Japan minister resigns after criticism over death penalty remarks

Japanese Prime Minister Fumio Kishida on Friday dismissed Yasuhiro Hanashi as justice minister after criticism over remarks widely seen as making light of his role in authorizing executions of death-row inmates.

Hanashi’s removal dealt a fresh blow to Kishida after another minister was sacked in late October over his suspicious links to the controversial Unification Church, with public approval ratings for the Cabinet plunging recently.

Hanashi, who assumed the post in August, told a political gathering on Wednesday that the justice minister is a “low-key” position and it becomes “a top story in daytime news programs only when stamping a seal on documents of execution” in the morning.

Later Friday, Hanashi told reporters at the prime minister’s office that he had submitted a letter of resignation to Kishida, stating, “I’m sorry I treated the death penalty lightly and angered the public.”

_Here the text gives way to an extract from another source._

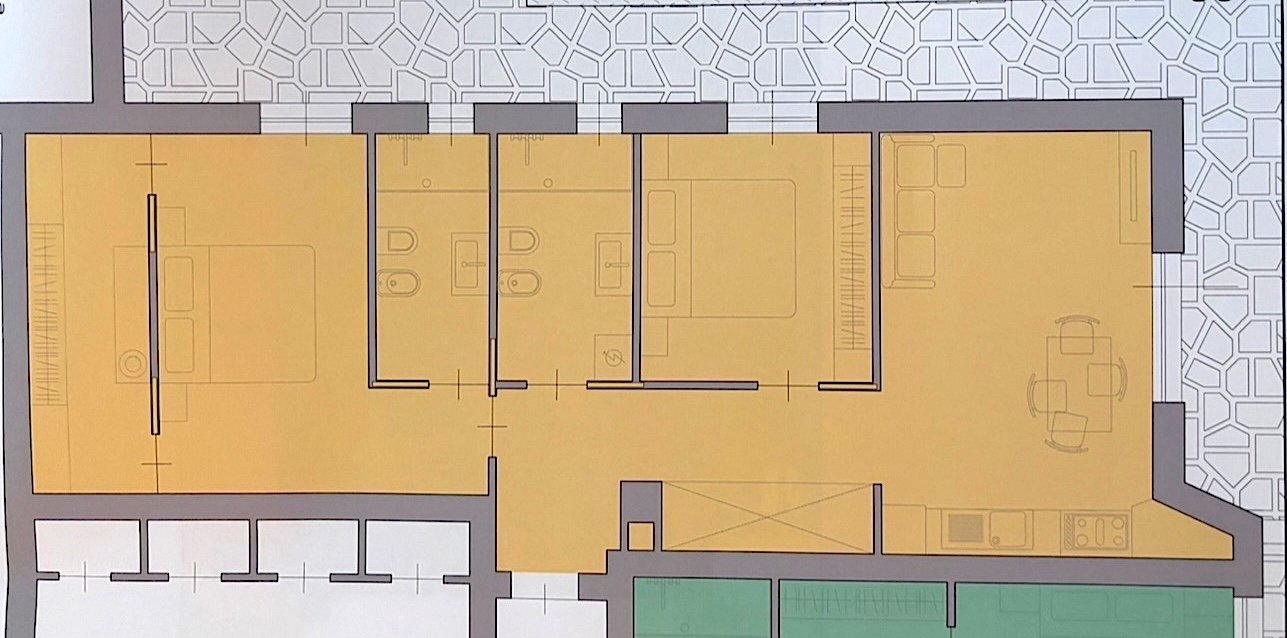 Appartamento di nuova ristrutturazione al piano terra. Composto da ingresso su funzionale disimpegno, ampio soggiorno con zona cottura, giardino su due lati ad angolo, camera da letto padronale con cabina armadi e bagno, seconda camera da letto e bagno.

Kishida had been due to leave in the afternoon for a summit of the Association of Southeast Asian Nations (ASEAN) in Cambodia, but he delayed his departure until 1 am to appoint a replacement for Hanashi.

“I take my own responsibility for appointing him in the first place seriously. By tackling challenges ahead, I would like to fulfil my duties,” Kishida said.

The government’s low approval ratings are partly due to controversy over politicians’ ties to the Unification Church.

The sect has been in the spotlight since reports emerged that the man accused of killing former prime minister Shinzo Abe resented the organisation over donations his mother made that bankrupted the family.

The church, officially known as the Family Federation for World Peace and Unification, has denied wrongdoing.